WHAT YOU SHOULD DO:
Transcribe the material verbatim, starting at its first line and stopping once the line containing "Anche in quella" has been given; no picture should appear.
※ ※ ※
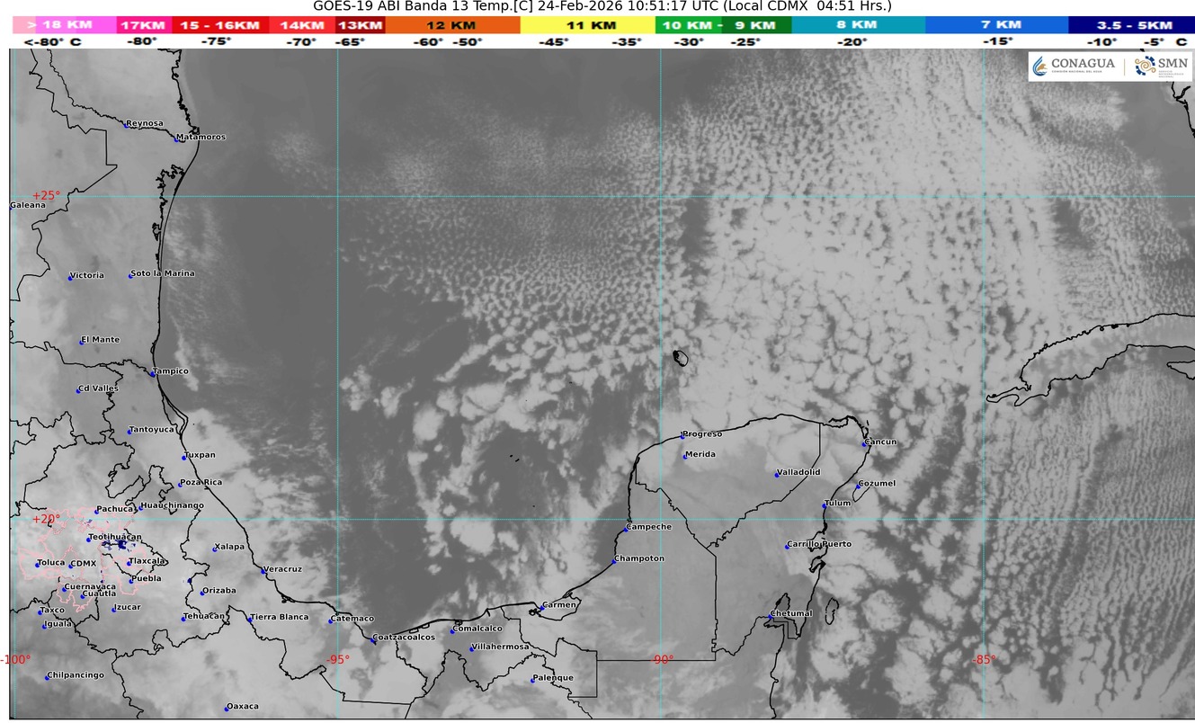 Afluencia de aire húmedo proveniente del mar Caribe hacia la península de Yucatán, originará en el estado de Quintana Roo cielo parcialmente nublado con incremento de nublados, intervalos de chubascos con lluvias puntuales fuertes (acumulados de 25 a 50 mm) acompañados de actividad eléctrica, ambiente caluroso a muy caluroso durante el día, viento con rachas de 50 km/h. Se prevé bancos de niebla en zonas rurales, urbanas y tramos carreteros.
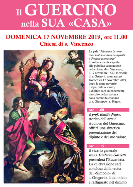 Anche in quella circostanza la data non fu determinata dalla semplice conclusione e disponibilità dell’opera, ma da una memoria liturgica poco nota nell’Occidente cristiano, la memoria di San Gregorio Taumaturgo, protagonista della scena rappresentata nella tela, assieme alla Vergine e a San Giovanni evangelista che regge una pergamena dove è riportato l’inizio del «Simbolo», ossia della professione di fede detta appunto «di San Gregorio». Fu lui a comporla dopo la visione notturna, rappresentata dal dipinto, in cui Maria Santissima e San Giovanni lo confermarono nella vera fede trinitaria: la consustanzialità del Padre, del Figlio e dello Spirito Santo. Sarà un giorno di grande festa per la nostra comunità, festa resa più solenne dall’eucaristia presieduta alle 11.15 da monsignor Giuliano Gazzetti, vicario generale, e preceduta da una breve presentazione del dipinto a cura del professor Emilio Negro, studioso del Guercino.
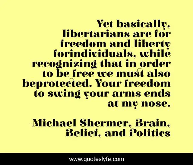 This page presents the quote "Yet basically, libertarians are for freedom and liberty forindividuals, while recognizing that in order to be free we must also beprotected. Your freedom to swing your arms ends at my nose.". Author of this quote is Michael Shermer, Brain, Belief, and Politics. This quote is about libertarian, freedom, liberty,.
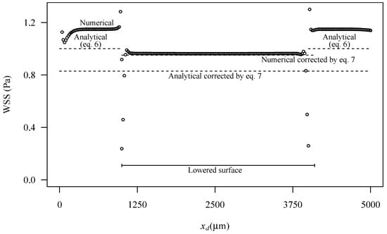 The analytical Equation (6) underpredicts the numerical WSS data in the channel outside the lowered region. This result is expected since the analytical equation is exact only for channels with an infinite width. In the present case the ratio between the width and the height of the channel is 4.5, which implies that the velocity is higher than what would be in a channel with infinite width.
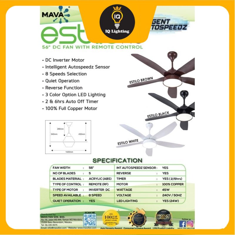 With the overwhelming praises of Estilo, Mava have decided to improve it even further to provide an even more satisfying product to our users. The ESTILO PRO. As the design of Estilo are an all time favorite choice for users, the Research & Development team had successfully enhance Estilo Pro specification without affecting the exterior design of the fan.
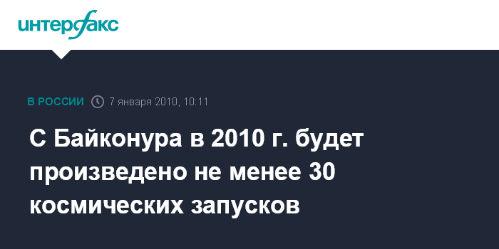 Байконур. 7 января. INTERFAX.RU - С космодрома Байконур в 2010 году планируется осуществить запуск порядка 30 космических ракет-носителей, сообщил агентству "Интерфакс" информированный источник на космодроме.
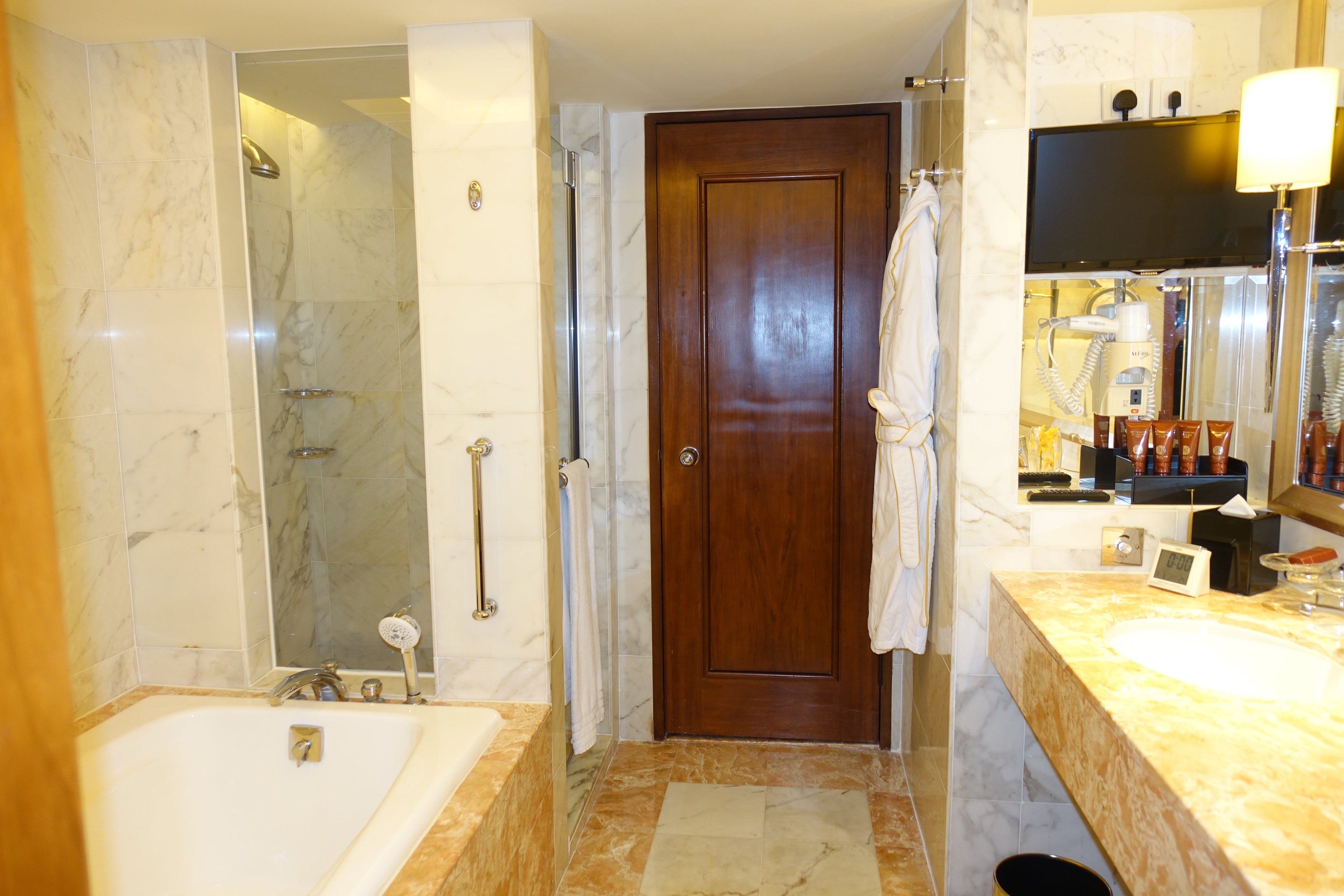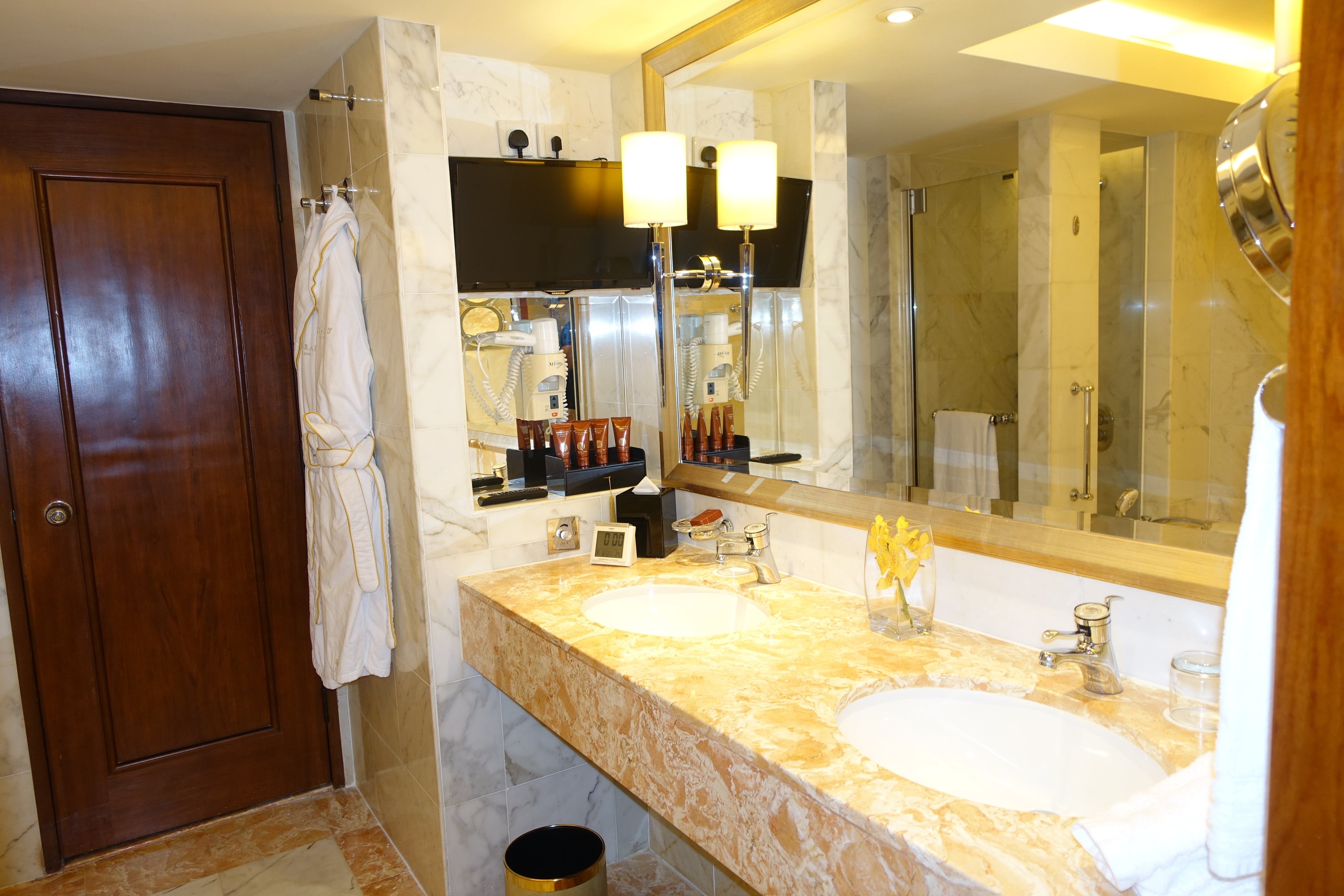 The bathroom had double marble sinks and a larger-than-average bathtub complete with Shanghai Tang amenities and a second television.
※ ※ ※
EXERCISE SOLUTION:
 Afluencia de aire húmedo proveniente del mar Caribe hacia la península de Yucatán, originará en el estado de Quintana Roo cielo parcialmente nublado con incremento de nublados, intervalos de chubascos con lluvias puntuales fuertes (acumulados de 25 a 50 mm) acompañados de actividad eléctrica, ambiente caluroso a muy caluroso durante el día, viento con rachas de 50 km/h. Se prevé bancos de niebla en zonas rurales, urbanas y tramos carreteros.
 Anche in quella circostanza la data non fu determinata dalla semplice conclusione e disponibilità dell’opera, ma da una memoria liturgica poco nota nell’Occidente cristiano, la memoria di San Gregorio Taumaturgo, protagonista della scena rappresentata nella tela, assieme alla Vergine e a San Giovanni evangelista che regge una pergamena dove è riportato l’inizio del «Simbolo», ossia della professione di fede detta appunto «di San Gregorio». Fu lui a comporla dopo la visione notturna, rappresentata dal dipinto, in cui Maria Santissima e San Giovanni lo confermarono nella vera fede trinitaria: la consustanzialità del Padre, del Figlio e dello Spirito Santo. Sarà un giorno di grande festa per la nostra comunità, festa resa più solenne dall’eucaristia presieduta alle 11.15 da monsignor Giuliano Gazzetti, vicario generale, e preceduta da una breve presentazione del dipinto a cura del professor Emilio Negro, studioso del Guercino.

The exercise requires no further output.